Uitspraak
1.Procesverloop
2.Beoordeling van het middel
3.Beslissing
14 februari 2025.
Hoge Raad
In deze zaak, die voor de Hoge Raad is gebracht, hebben de eiseressen, Teva B.V., Teva Nederland B.V. en Pharmachemie B.V. (hierna gezamenlijk aangeduid als Teva c.s.), beroep in cassatie ingesteld tegen een arrest van het gerechtshof Den Haag. Dit arrest volgde op een vonnis van de rechtbank Den Haag en betreft een geschil over octrooirecht, specifiek de vraag of er sprake is van een gebrek aan inventiviteit in de octrooiaanvraag van Teva. De Hoge Raad heeft de klachten van Teva c.s. over het arrest van het hof beoordeeld en geconcludeerd dat deze klachten niet kunnen leiden tot vernietiging van het arrest.
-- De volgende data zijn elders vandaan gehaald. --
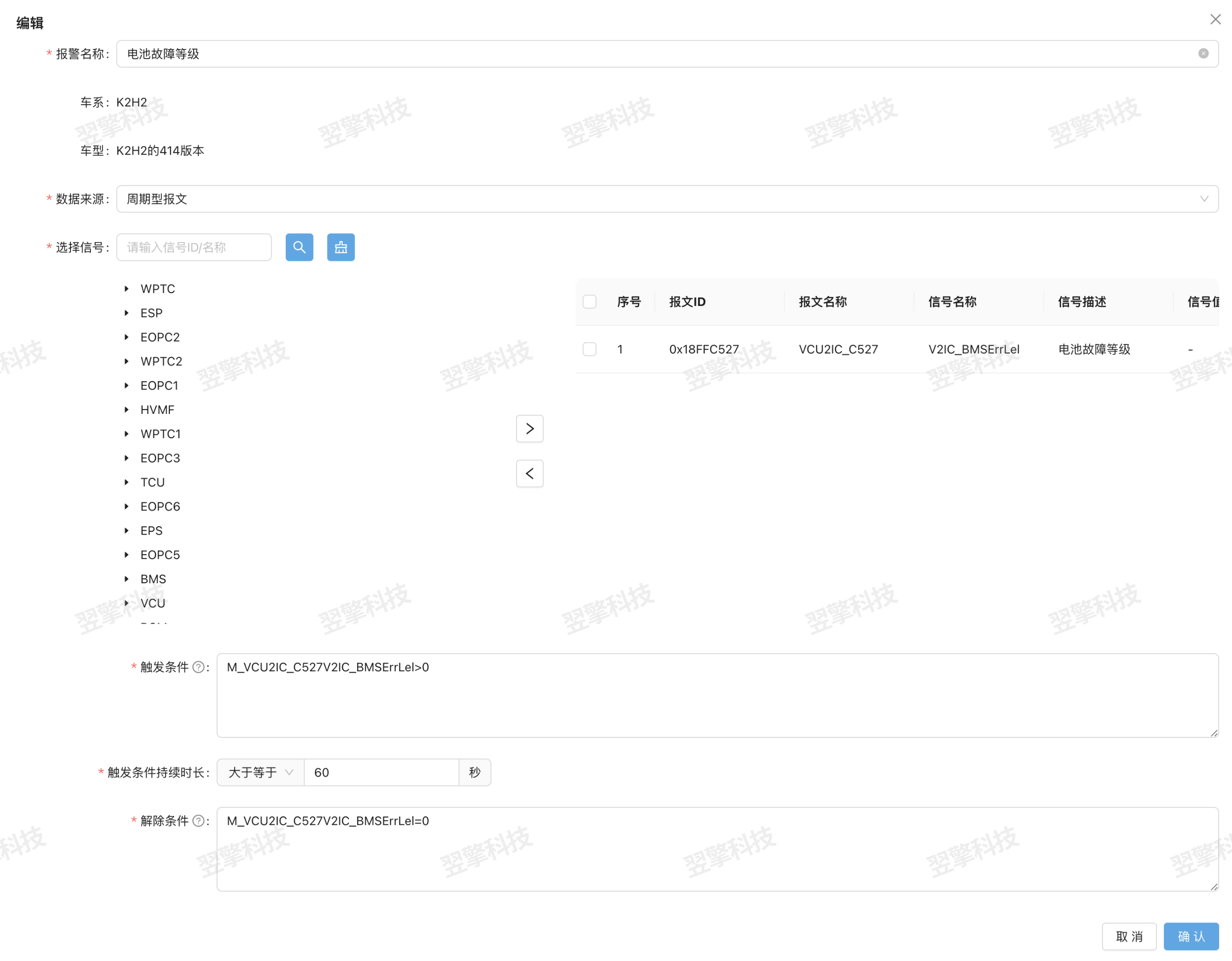 支持研发分析人员针对不同的信号设置不同的触发条件与解除条件,配置邮箱提醒,及时检测车辆异常。可基于业务诉求,选择不同的控制器、报文名称、信号名称及信号值支持正则表达式设置预警规则。
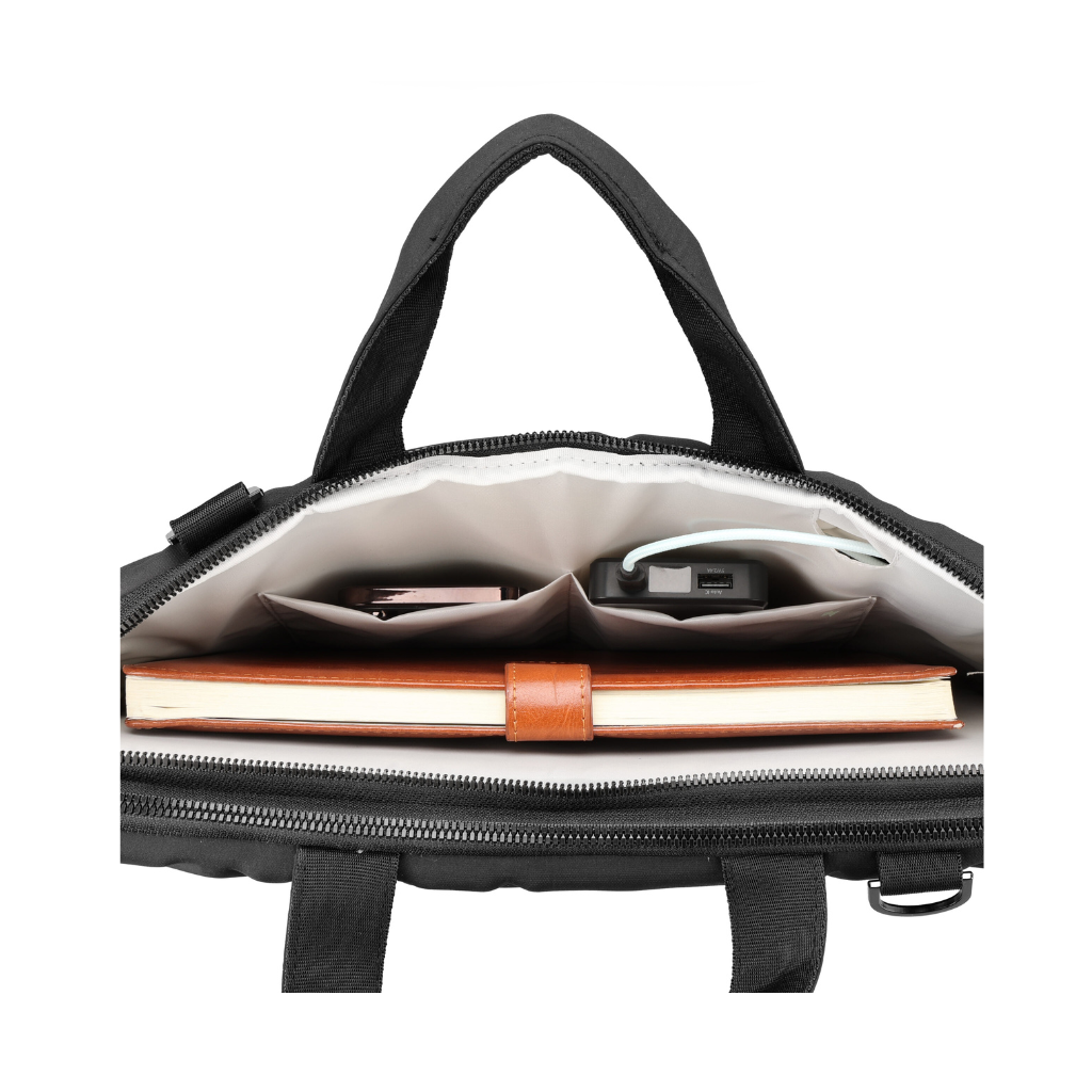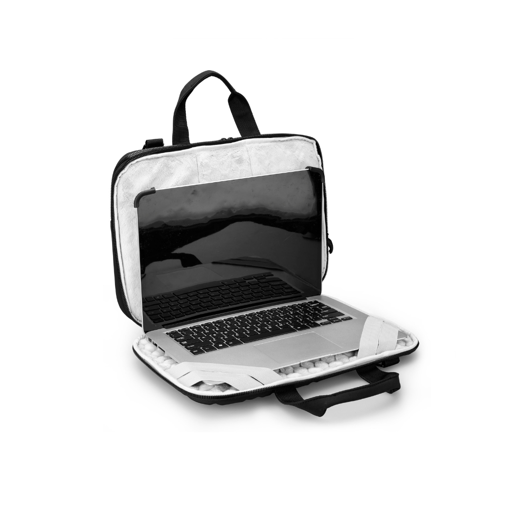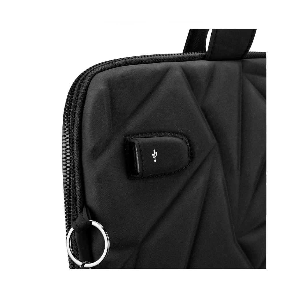 VACALLO Black 14" Sleeve è un'elegante borsa per laptop da 14" nera decorata da un motivo impresso. Il funzionale interno in microfibra antigraffio è dotato di funzionali tasche portaccessori ed elastici.
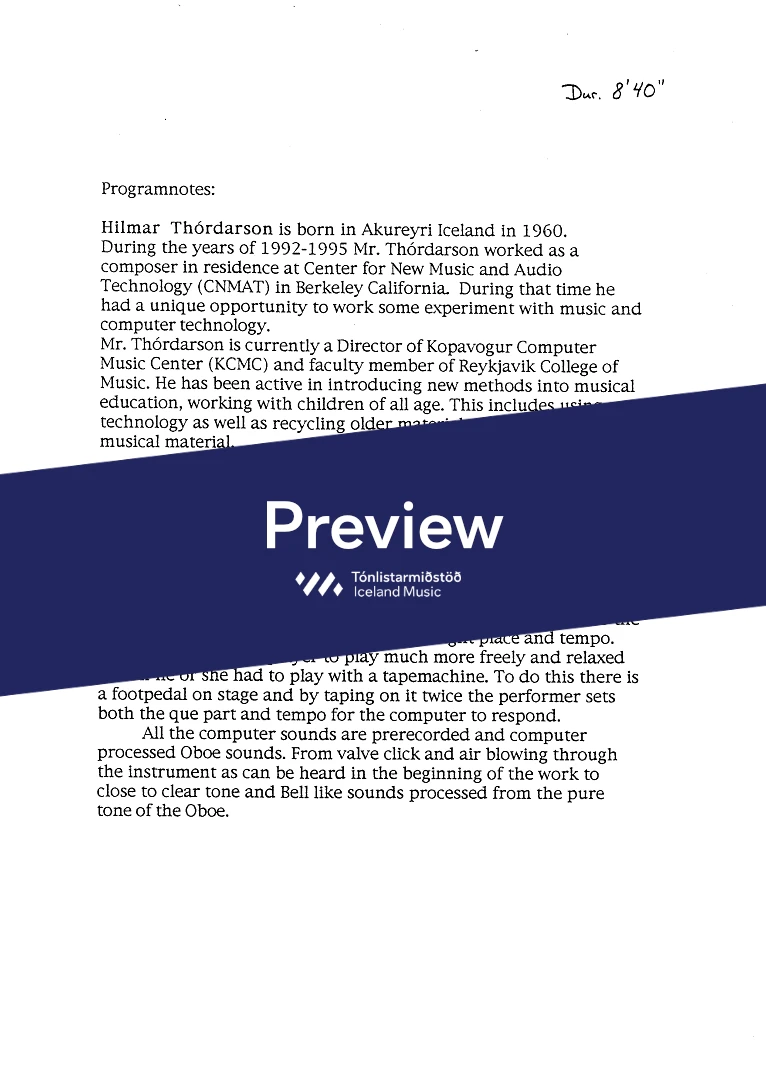 Categories Instrumental Duo, Electronic/Multimedia, Electronic/Acoustic, Chamber works
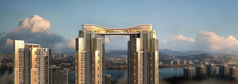 특히 반포의 상징적 아이콘이 될 170m 높이, 100m 길이의 스카이 브릿지와 한강의 화려한 곡선을 모티브로 한 단지 입구 230m 길이의 초대형 문주는 주변을 압도해 단지 고급화를 더욱 돋보이게 할 예정이다.
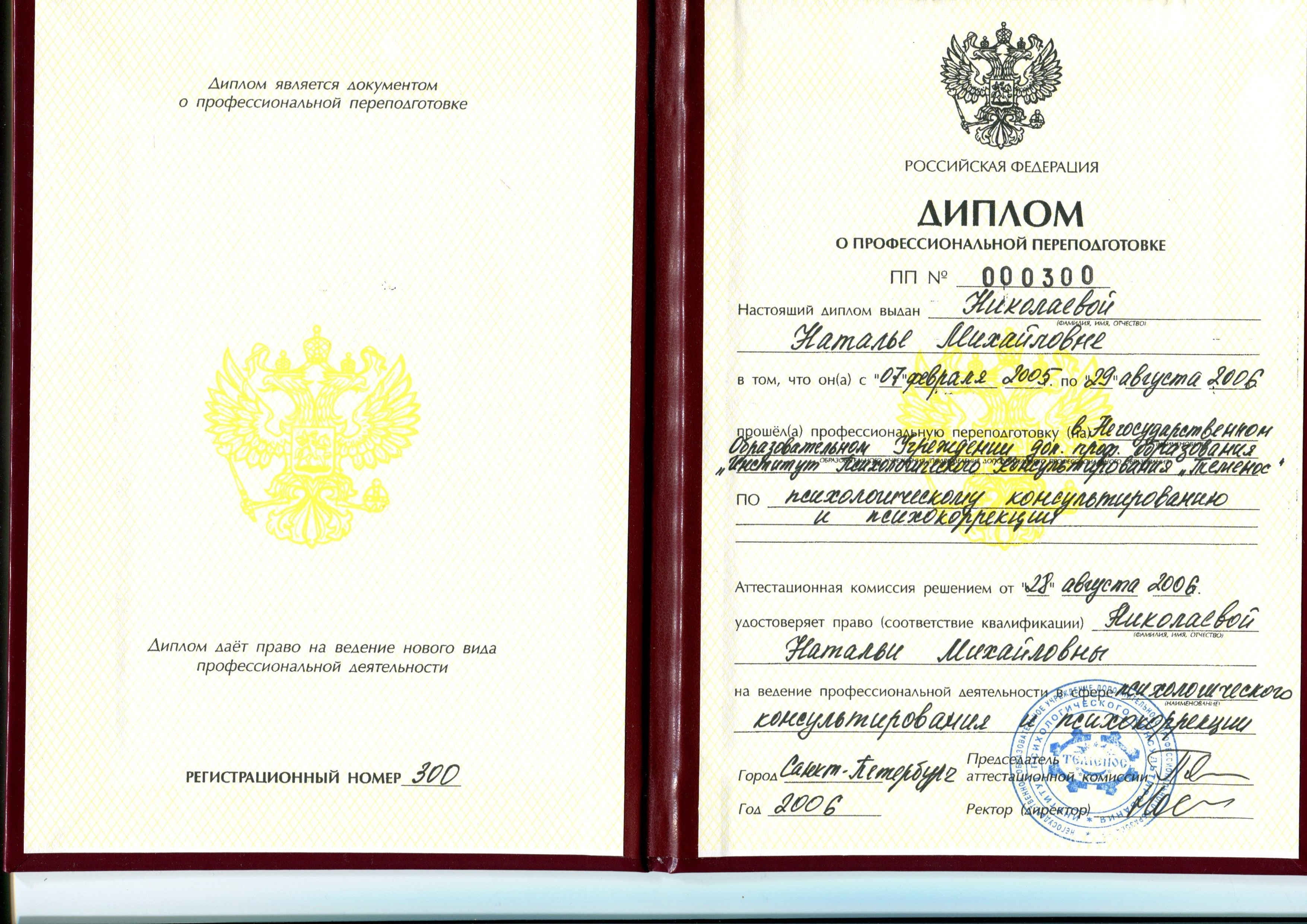 - 2005 – 2006 Институт психологического консультирования "Теменос" (Психологическое консультирование и психокоррекция).
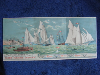 GLOBE BUFFER CO. BEAUTIFUL THREE SECTION. YACHT RACE!
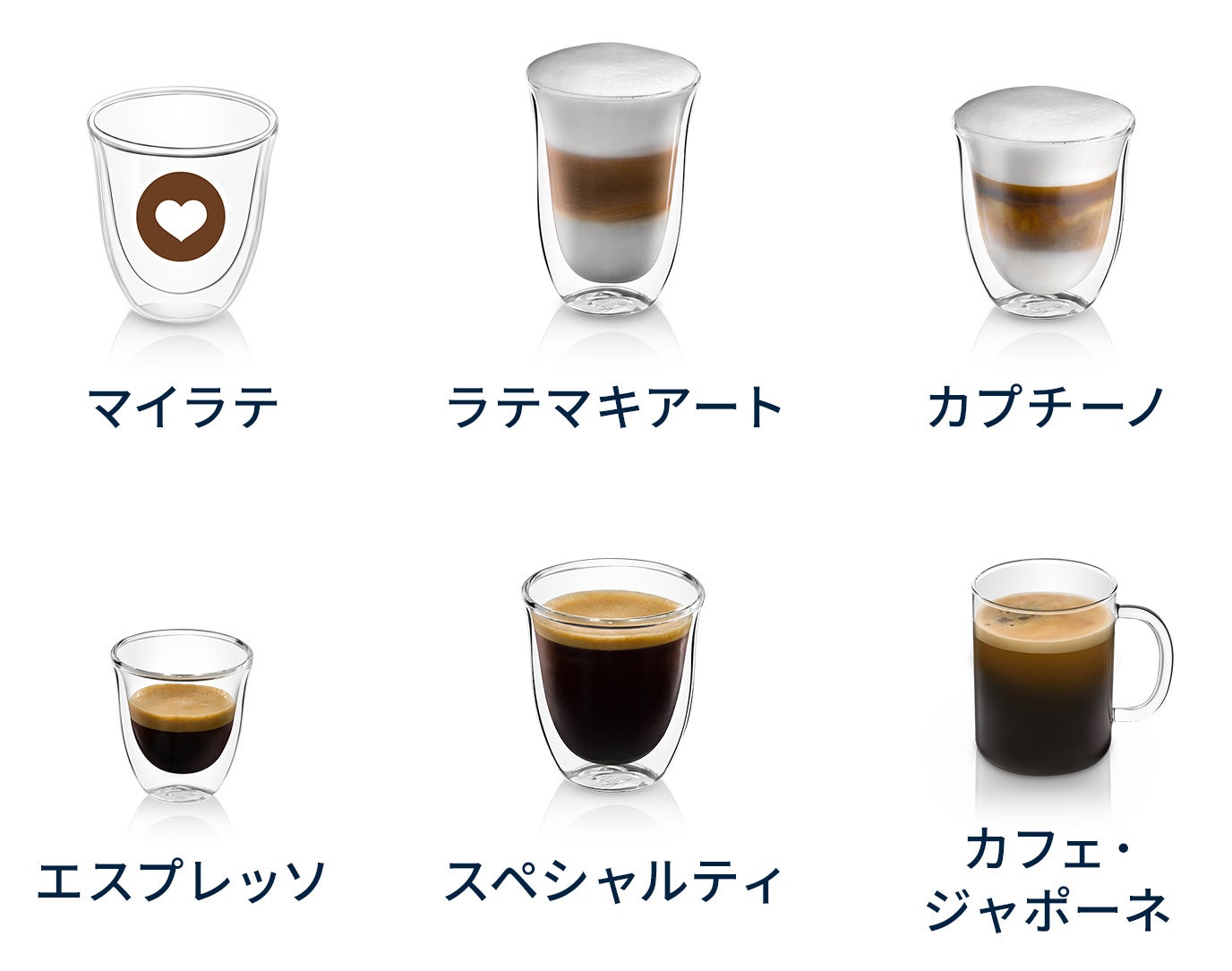 コーヒーメニュー: エスプレッソ、スペシャルティ(※)、カフェ・ジャポーネ
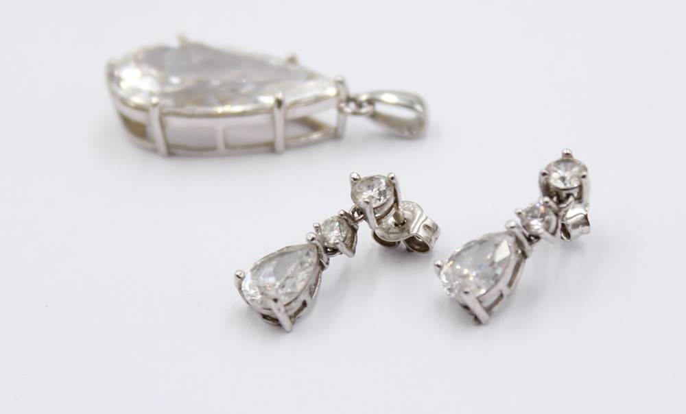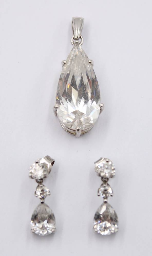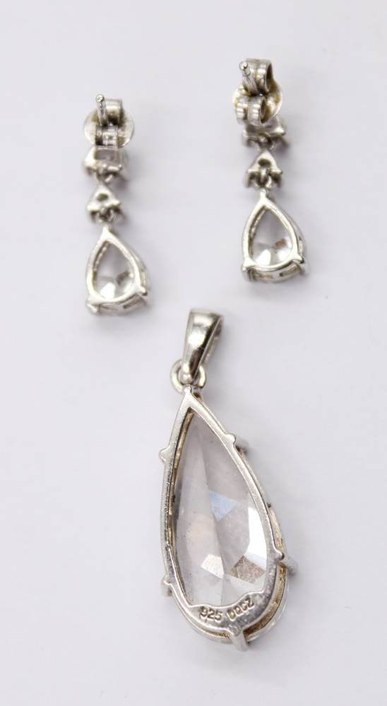 Set, Paar Ohrstecker und passender Kettenanhänger, 925er Silber, klare Steine, zus. 8gr., L-3cm u. L-2cm [1]
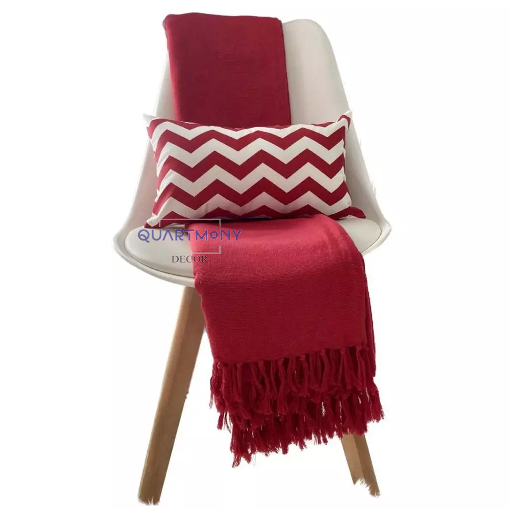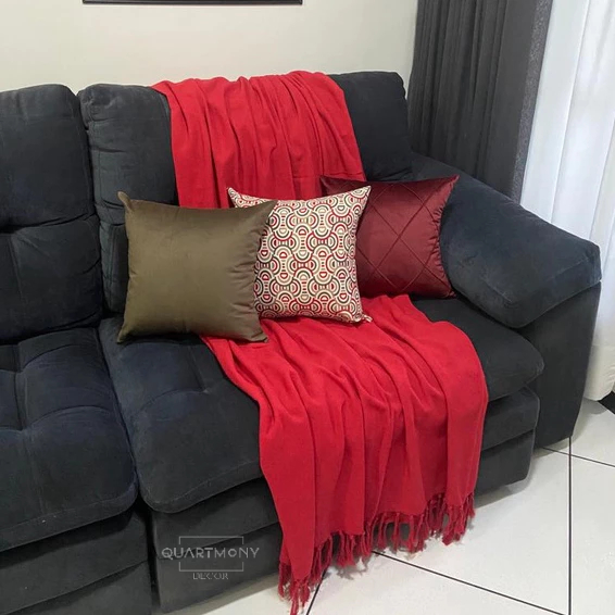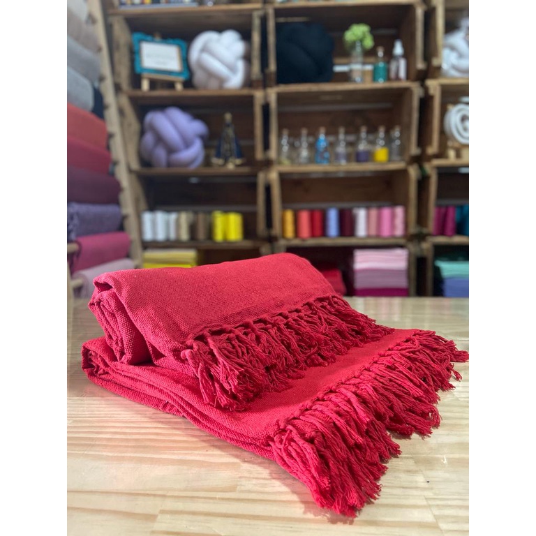 Manta Grande Sofá Cama Vermelho Algodão Decorativa Artesal Estilo Boho Chic Rustico Protetora
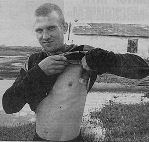 — В'ячеслава Йовсу привезли до нас о 21.15, — говорить завідувач хірургічного відділення ічнянської районної лікарні Михайло Острик. — Хворий був у тяжкому стані. Дихав важко, вигляд мав синюшний, скаржився на біль у грудній клітці зліва. Його оглянув черговий лікар-травматолог Володимир Горчинський. У хворого були три проникаючі рани грудної клітки зліва. Зробили рентген. Ліва легеня виявилася проколотою, здулась, як кулька.
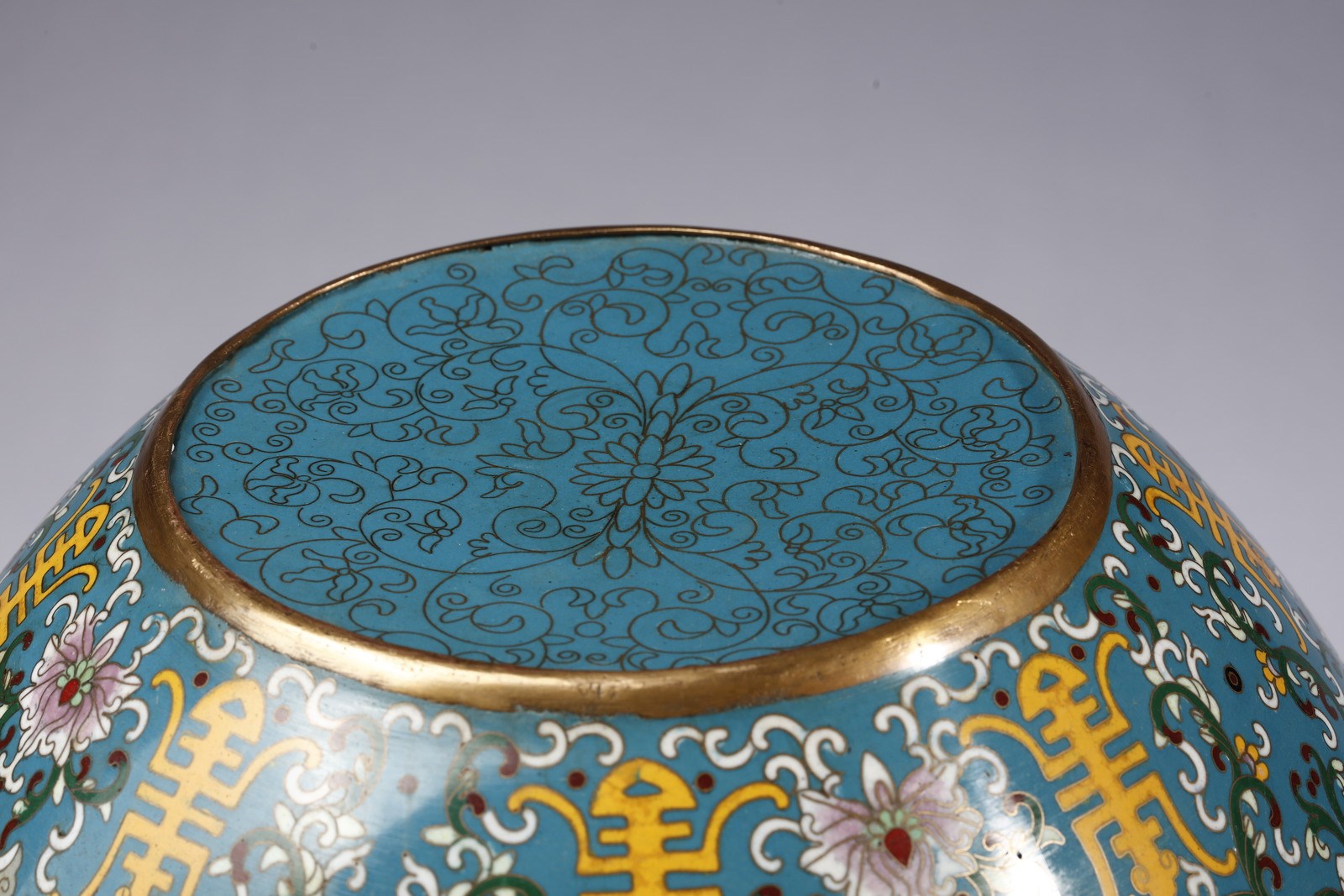 Grande ciotola decorata con a motivo floreale con smalti cloisonnè.

De Hoge Raad heeft daarbij geen motivering hoeven geven, omdat de vragen die aan de orde zijn niet van belang zijn voor de eenheid of ontwikkeling van het recht, zoals bepaald in artikel 81 lid 1 van de Wet op de rechterlijke organisatie. De Hoge Raad heeft Teva c.s. in de proceskosten verwezen, waarbij BMS vergoeding van de kosten in cassatie heeft gevorderd. De Hoge Raad heeft beslist dat Teva c.s. de kosten van het geding in cassatie moet vergoeden, die zijn begroot op € 857,-- aan verschotten en € 60.000,-- voor salaris, vermeerderd met wettelijke rente indien deze kosten niet binnen veertien dagen na de uitspraak zijn voldaan.